RECORDS FOR THIS TASK Block Start
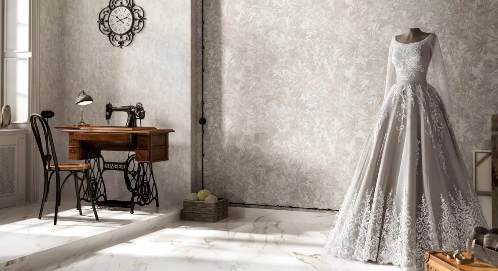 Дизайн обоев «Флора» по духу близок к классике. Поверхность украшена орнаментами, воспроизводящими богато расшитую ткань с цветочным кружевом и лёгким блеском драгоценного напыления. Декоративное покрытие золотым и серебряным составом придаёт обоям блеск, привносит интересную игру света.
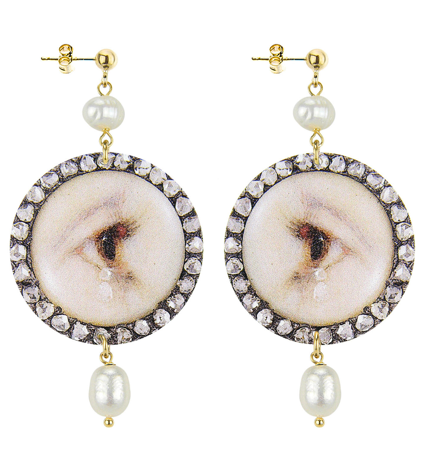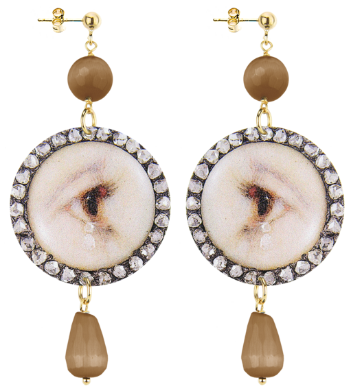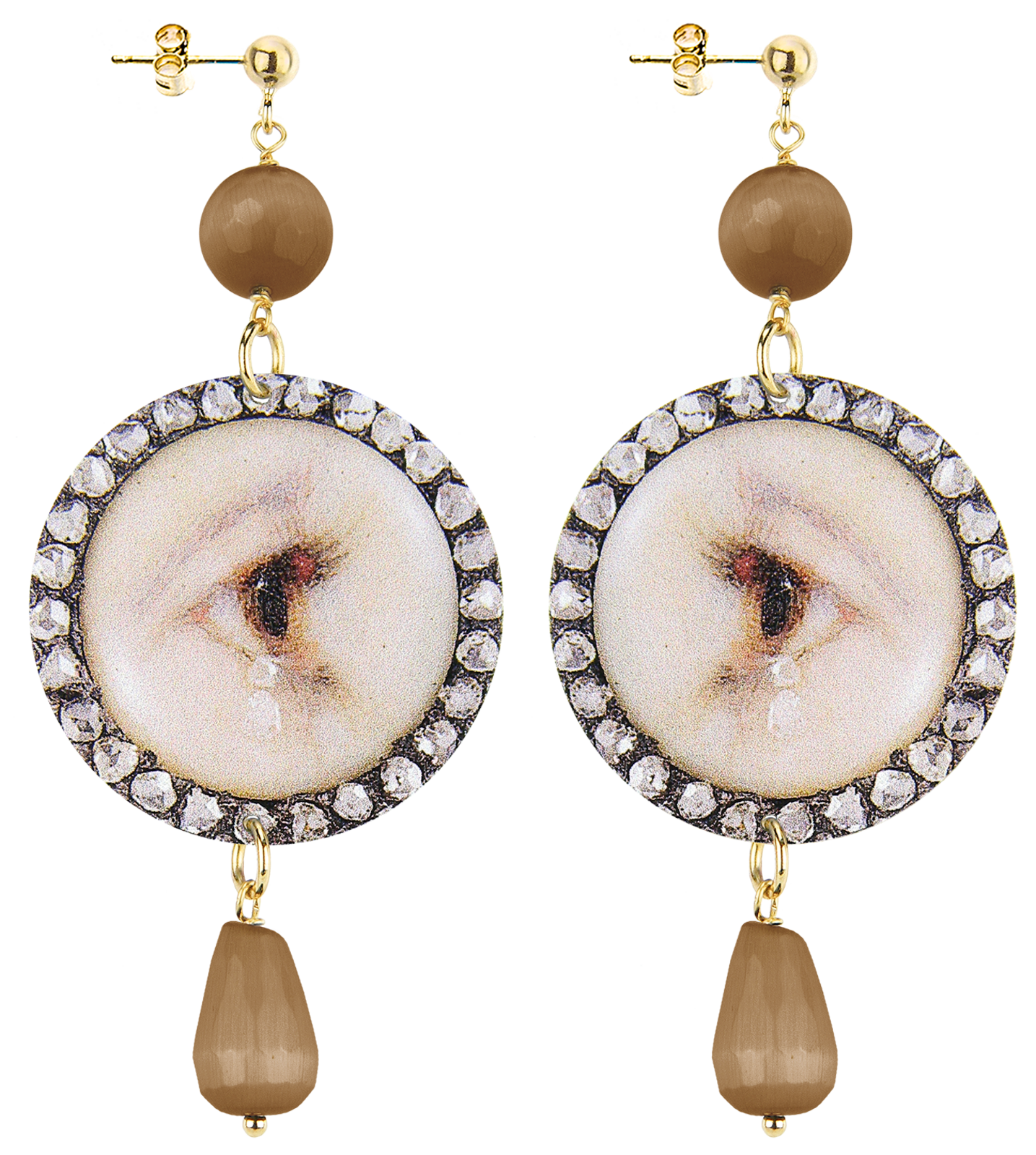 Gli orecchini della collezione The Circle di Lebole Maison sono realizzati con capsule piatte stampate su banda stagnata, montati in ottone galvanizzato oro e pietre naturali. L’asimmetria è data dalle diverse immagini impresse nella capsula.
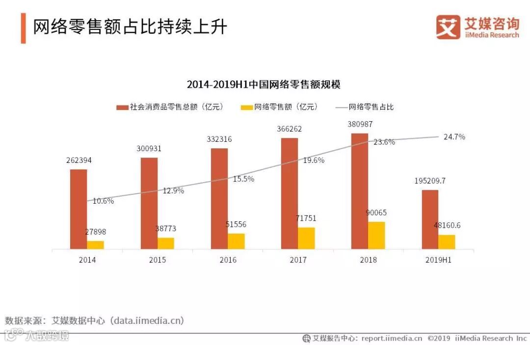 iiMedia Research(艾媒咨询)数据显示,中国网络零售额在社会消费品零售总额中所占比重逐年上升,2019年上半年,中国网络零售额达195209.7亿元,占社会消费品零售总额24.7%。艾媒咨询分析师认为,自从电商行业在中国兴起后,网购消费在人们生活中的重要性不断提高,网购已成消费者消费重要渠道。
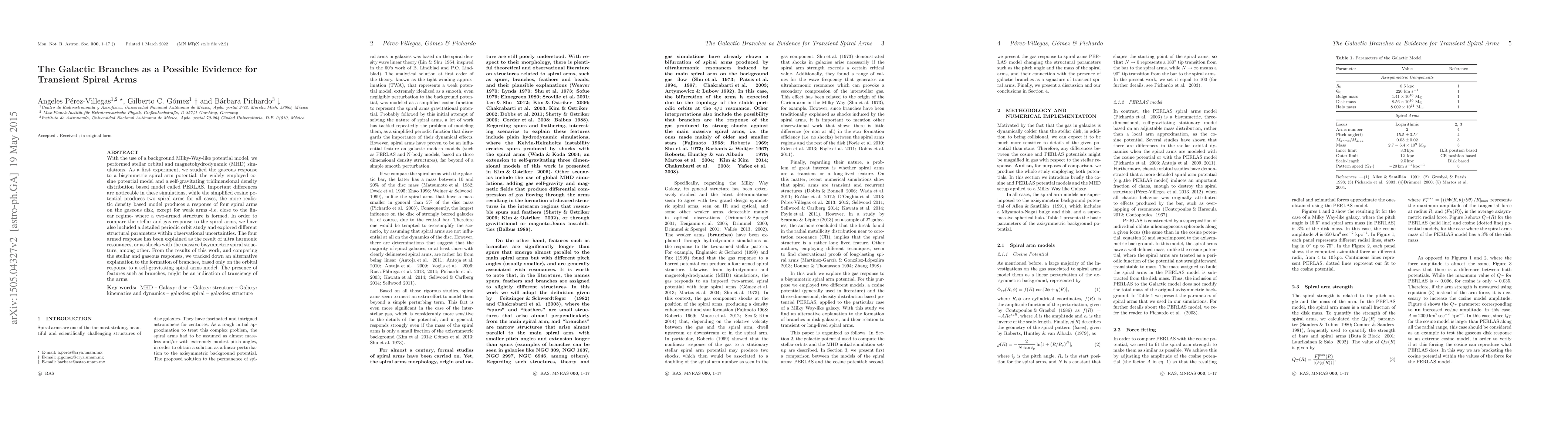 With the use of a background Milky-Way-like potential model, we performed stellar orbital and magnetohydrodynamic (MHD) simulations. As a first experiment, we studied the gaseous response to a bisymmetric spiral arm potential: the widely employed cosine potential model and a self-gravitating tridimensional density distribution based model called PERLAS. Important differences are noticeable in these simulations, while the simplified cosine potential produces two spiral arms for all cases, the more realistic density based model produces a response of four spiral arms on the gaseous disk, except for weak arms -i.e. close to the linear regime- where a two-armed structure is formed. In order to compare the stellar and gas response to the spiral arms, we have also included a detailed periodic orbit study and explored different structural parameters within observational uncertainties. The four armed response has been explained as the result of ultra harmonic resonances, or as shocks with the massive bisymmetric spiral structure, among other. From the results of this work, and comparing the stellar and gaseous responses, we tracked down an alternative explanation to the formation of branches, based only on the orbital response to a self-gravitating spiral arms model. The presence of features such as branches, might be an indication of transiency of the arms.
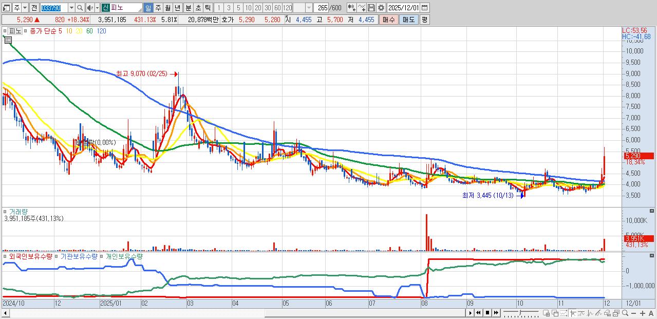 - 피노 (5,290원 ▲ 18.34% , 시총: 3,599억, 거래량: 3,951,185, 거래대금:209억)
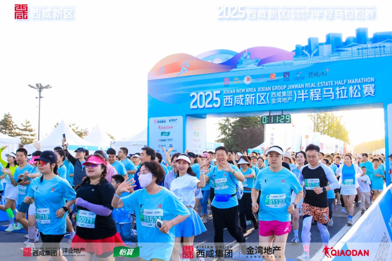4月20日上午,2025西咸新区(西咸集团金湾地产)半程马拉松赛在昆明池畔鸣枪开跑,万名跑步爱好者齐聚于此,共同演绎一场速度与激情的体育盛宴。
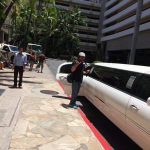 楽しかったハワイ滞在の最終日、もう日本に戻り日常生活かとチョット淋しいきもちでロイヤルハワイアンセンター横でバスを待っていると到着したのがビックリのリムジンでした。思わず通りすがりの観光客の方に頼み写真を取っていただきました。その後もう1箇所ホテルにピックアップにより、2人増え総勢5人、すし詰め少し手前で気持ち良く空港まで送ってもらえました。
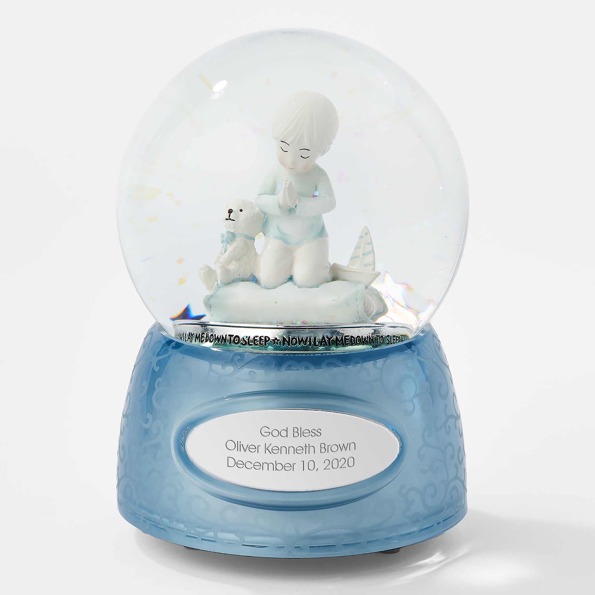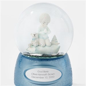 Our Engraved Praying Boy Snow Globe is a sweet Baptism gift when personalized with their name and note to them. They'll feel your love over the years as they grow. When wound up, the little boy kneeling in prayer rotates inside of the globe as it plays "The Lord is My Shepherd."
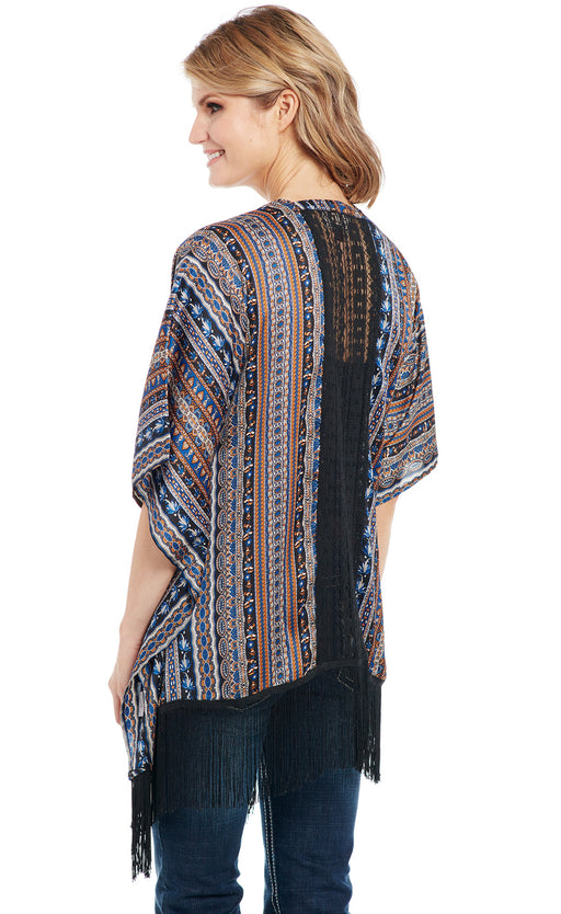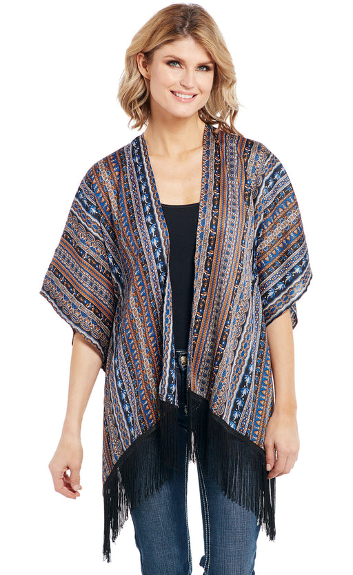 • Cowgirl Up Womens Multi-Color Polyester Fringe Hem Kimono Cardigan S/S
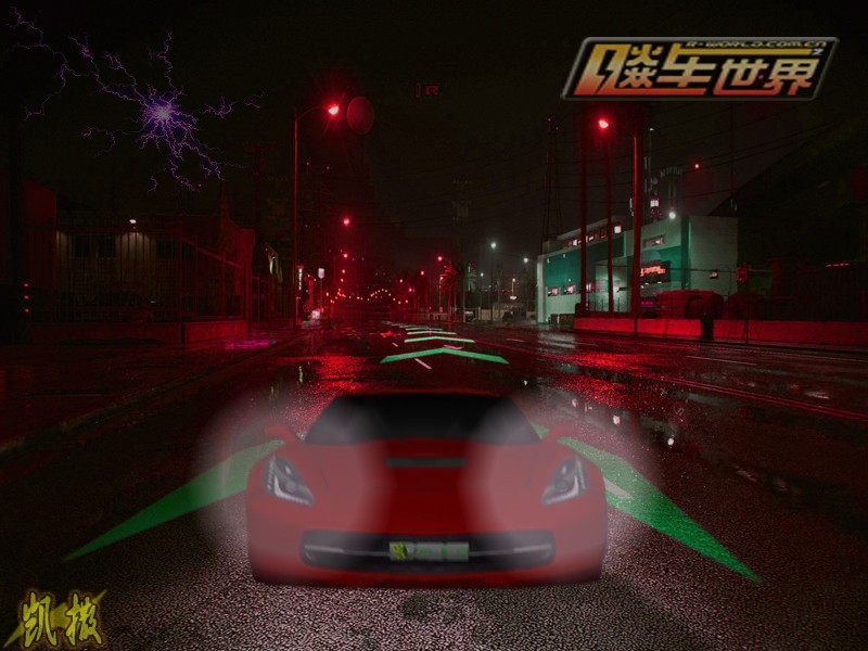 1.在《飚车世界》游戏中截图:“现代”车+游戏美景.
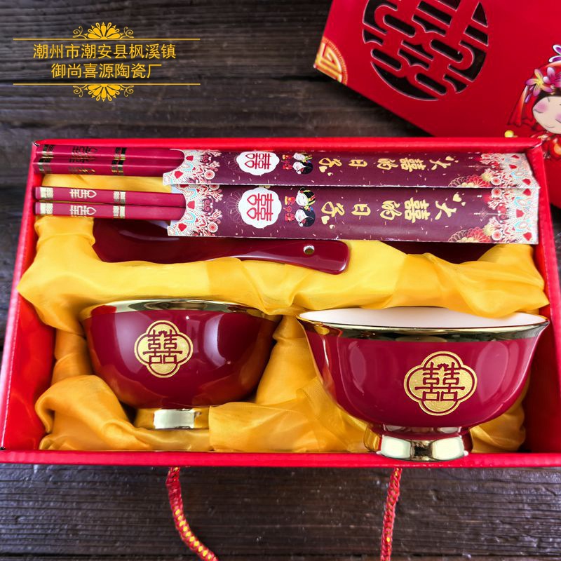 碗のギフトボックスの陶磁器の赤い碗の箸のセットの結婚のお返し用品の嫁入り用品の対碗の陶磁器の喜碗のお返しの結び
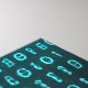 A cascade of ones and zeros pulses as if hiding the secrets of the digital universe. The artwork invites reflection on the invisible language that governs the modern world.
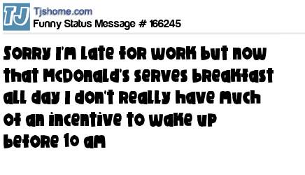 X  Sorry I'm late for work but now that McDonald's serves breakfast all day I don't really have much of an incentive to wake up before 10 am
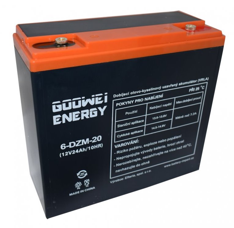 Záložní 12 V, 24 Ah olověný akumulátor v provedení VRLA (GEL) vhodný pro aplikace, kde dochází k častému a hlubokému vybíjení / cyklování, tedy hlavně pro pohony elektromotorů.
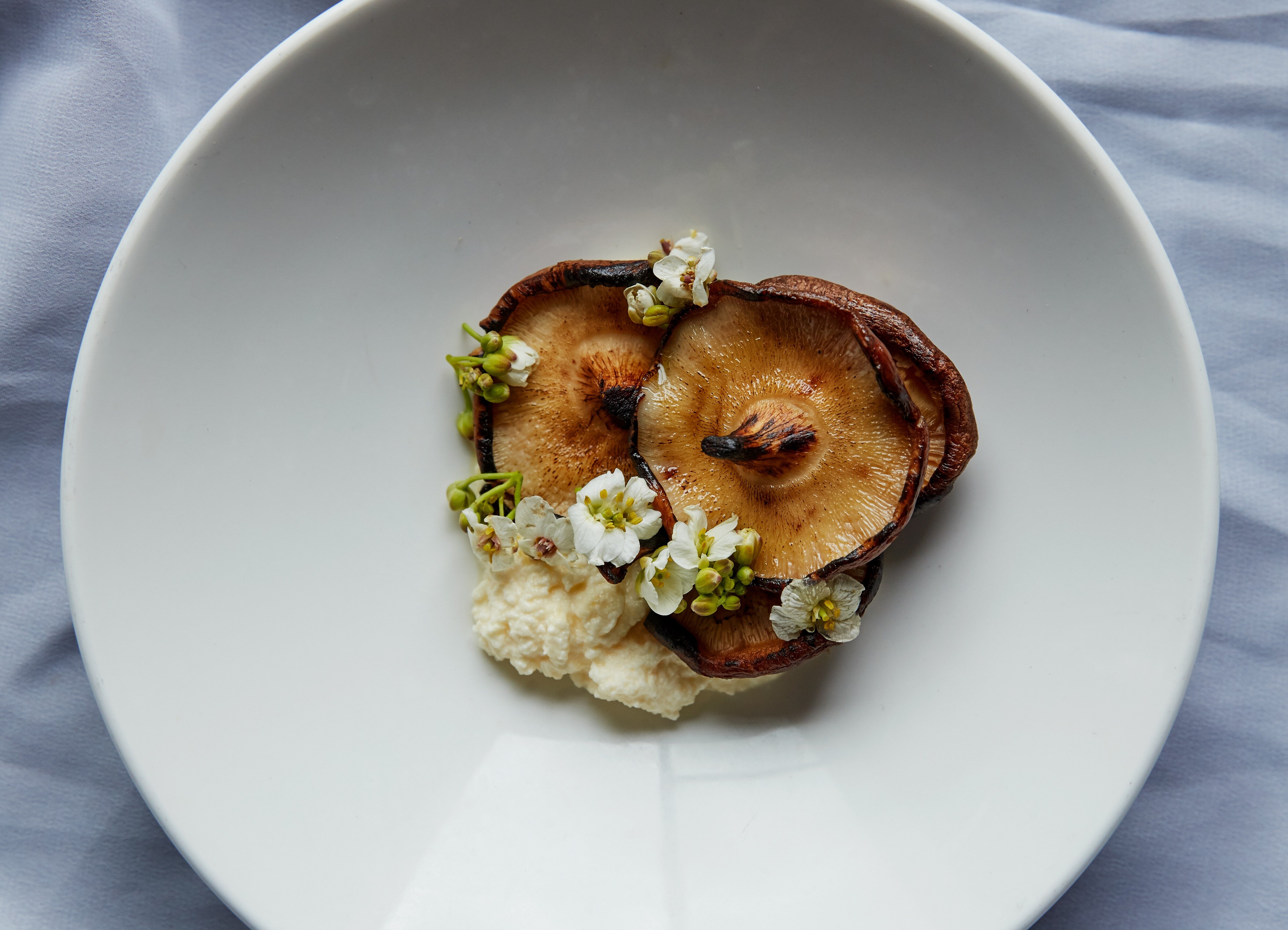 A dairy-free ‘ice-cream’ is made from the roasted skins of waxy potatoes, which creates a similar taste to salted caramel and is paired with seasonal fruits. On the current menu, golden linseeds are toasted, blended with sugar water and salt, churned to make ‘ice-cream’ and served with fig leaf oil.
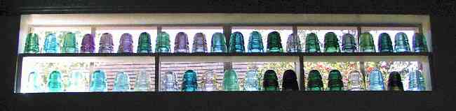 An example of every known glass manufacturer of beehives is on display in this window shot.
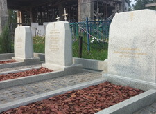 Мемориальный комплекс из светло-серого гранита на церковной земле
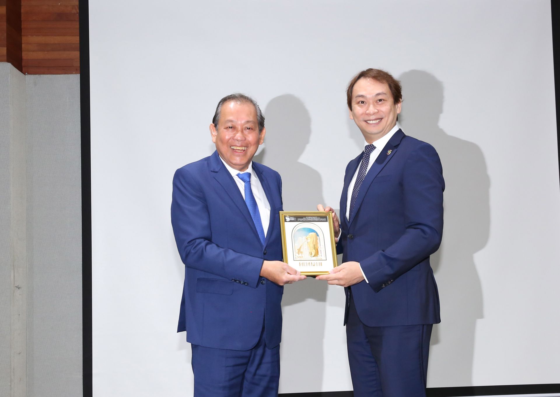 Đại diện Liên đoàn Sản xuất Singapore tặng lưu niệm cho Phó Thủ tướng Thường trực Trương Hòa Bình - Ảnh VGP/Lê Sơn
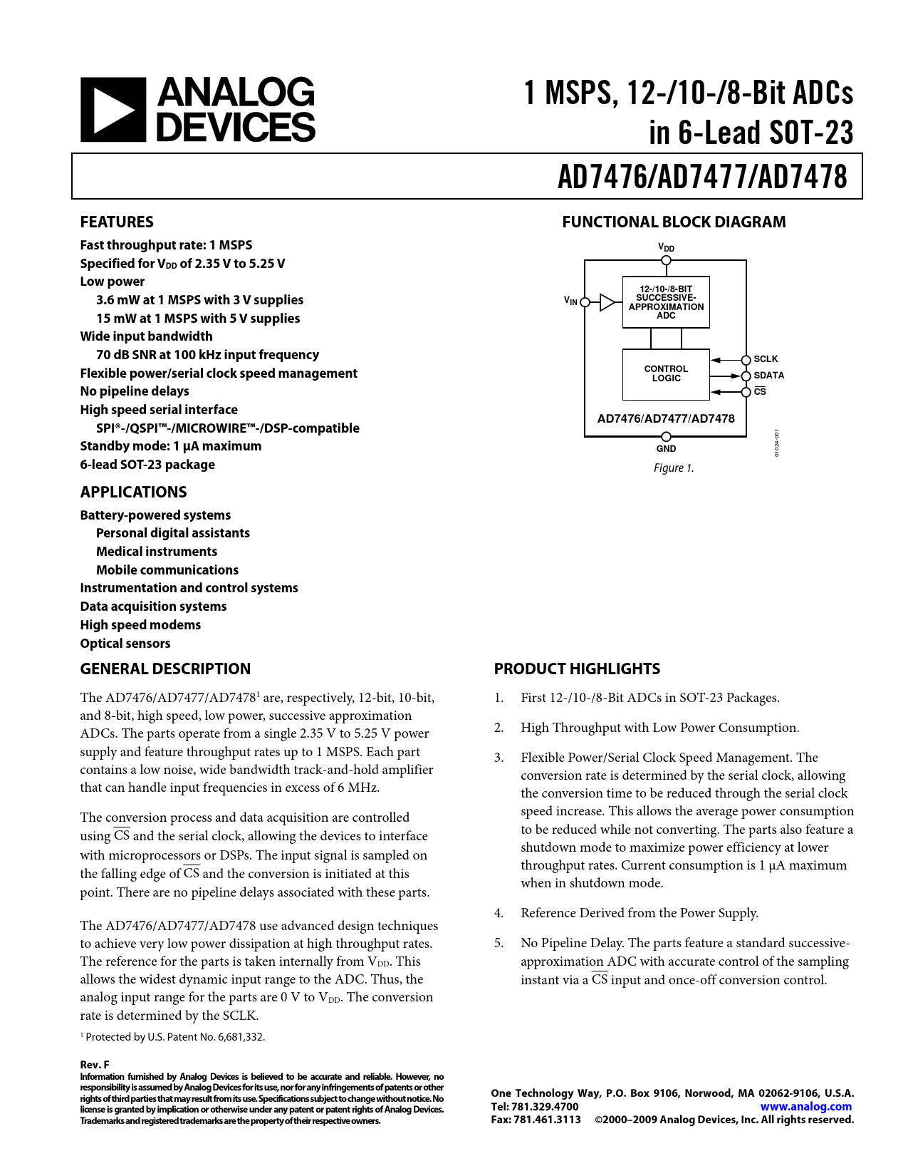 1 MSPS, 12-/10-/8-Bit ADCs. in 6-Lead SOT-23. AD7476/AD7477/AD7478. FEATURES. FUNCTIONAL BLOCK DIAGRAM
RECORDS FOR THIS TASK Block End
▶ PROBLEM TO SOLVE
Your task is to reproduce every record exactly while omitting the pictures.

▶ ANSWER TO THIS PROBLEM
 Дизайн обоев «Флора» по духу близок к классике. Поверхность украшена орнаментами, воспроизводящими богато расшитую ткань с цветочным кружевом и лёгким блеском драгоценного напыления. Декоративное покрытие золотым и серебряным составом придаёт обоям блеск, привносит интересную игру света.
 Gli orecchini della collezione The Circle di Lebole Maison sono realizzati con capsule piatte stampate su banda stagnata, montati in ottone galvanizzato oro e pietre naturali. L’asimmetria è data dalle diverse immagini impresse nella capsula.
 iiMedia Research(艾媒咨询)数据显示,中国网络零售额在社会消费品零售总额中所占比重逐年上升,2019年上半年,中国网络零售额达195209.7亿元,占社会消费品零售总额24.7%。艾媒咨询分析师认为,自从电商行业在中国兴起后,网购消费在人们生活中的重要性不断提高,网购已成消费者消费重要渠道。
 With the use of a background Milky-Way-like potential model, we performed stellar orbital and magnetohydrodynamic (MHD) simulations. As a first experiment, we studied the gaseous response to a bisymmetric spiral arm potential: the widely employed cosine potential model and a self-gravitating tridimensional density distribution based model called PERLAS. Important differences are noticeable in these simulations, while the simplified cosine potential produces two spiral arms for all cases, the more realistic density based model produces a response of four spiral arms on the gaseous disk, except for weak arms -i.e. close to the linear regime- where a two-armed structure is formed. In order to compare the stellar and gas response to the spiral arms, we have also included a detailed periodic orbit study and explored different structural parameters within observational uncertainties. The four armed response has been explained as the result of ultra harmonic resonances, or as shocks with the massive bisymmetric spiral structure, among other. From the results of this work, and comparing the stellar and gaseous responses, we tracked down an alternative explanation to the formation of branches, based only on the orbital response to a self-gravitating spiral arms model. The presence of features such as branches, might be an indication of transiency of the arms.
 - 피노 (5,290원 ▲ 18.34% , 시총: 3,599억, 거래량: 3,951,185, 거래대금:209억)
4月20日上午,2025西咸新区(西咸集团金湾地产)半程马拉松赛在昆明池畔鸣枪开跑,万名跑步爱好者齐聚于此,共同演绎一场速度与激情的体育盛宴。
 楽しかったハワイ滞在の最終日、もう日本に戻り日常生活かとチョット淋しいきもちでロイヤルハワイアンセンター横でバスを待っていると到着したのがビックリのリムジンでした。思わず通りすがりの観光客の方に頼み写真を取っていただきました。その後もう1箇所ホテルにピックアップにより、2人増え総勢5人、すし詰め少し手前で気持ち良く空港まで送ってもらえました。
 Our Engraved Praying Boy Snow Globe is a sweet Baptism gift when personalized with their name and note to them. They'll feel your love over the years as they grow. When wound up, the little boy kneeling in prayer rotates inside of the globe as it plays "The Lord is My Shepherd."
 • Cowgirl Up Womens Multi-Color Polyester Fringe Hem Kimono Cardigan S/S
 1.在《飚车世界》游戏中截图:“现代”车+游戏美景.
 碗のギフトボックスの陶磁器の赤い碗の箸のセットの結婚のお返し用品の嫁入り用品の対碗の陶磁器の喜碗のお返しの結び
 A cascade of ones and zeros pulses as if hiding the secrets of the digital universe. The artwork invites reflection on the invisible language that governs the modern world.
 X  Sorry I'm late for work but now that McDonald's serves breakfast all day I don't really have much of an incentive to wake up before 10 am
 Záložní 12 V, 24 Ah olověný akumulátor v provedení VRLA (GEL) vhodný pro aplikace, kde dochází k častému a hlubokému vybíjení / cyklování, tedy hlavně pro pohony elektromotorů.
 A dairy-free ‘ice-cream’ is made from the roasted skins of waxy potatoes, which creates a similar taste to salted caramel and is paired with seasonal fruits. On the current menu, golden linseeds are toasted, blended with sugar water and salt, churned to make ‘ice-cream’ and served with fig leaf oil.
 An example of every known glass manufacturer of beehives is on display in this window shot.
 Мемориальный комплекс из светло-серого гранита на церковной земле
 Đại diện Liên đoàn Sản xuất Singapore tặng lưu niệm cho Phó Thủ tướng Thường trực Trương Hòa Bình - Ảnh VGP/Lê Sơn
 1 MSPS, 12-/10-/8-Bit ADCs. in 6-Lead SOT-23. AD7476/AD7477/AD7478. FEATURES. FUNCTIONAL BLOCK DIAGRAM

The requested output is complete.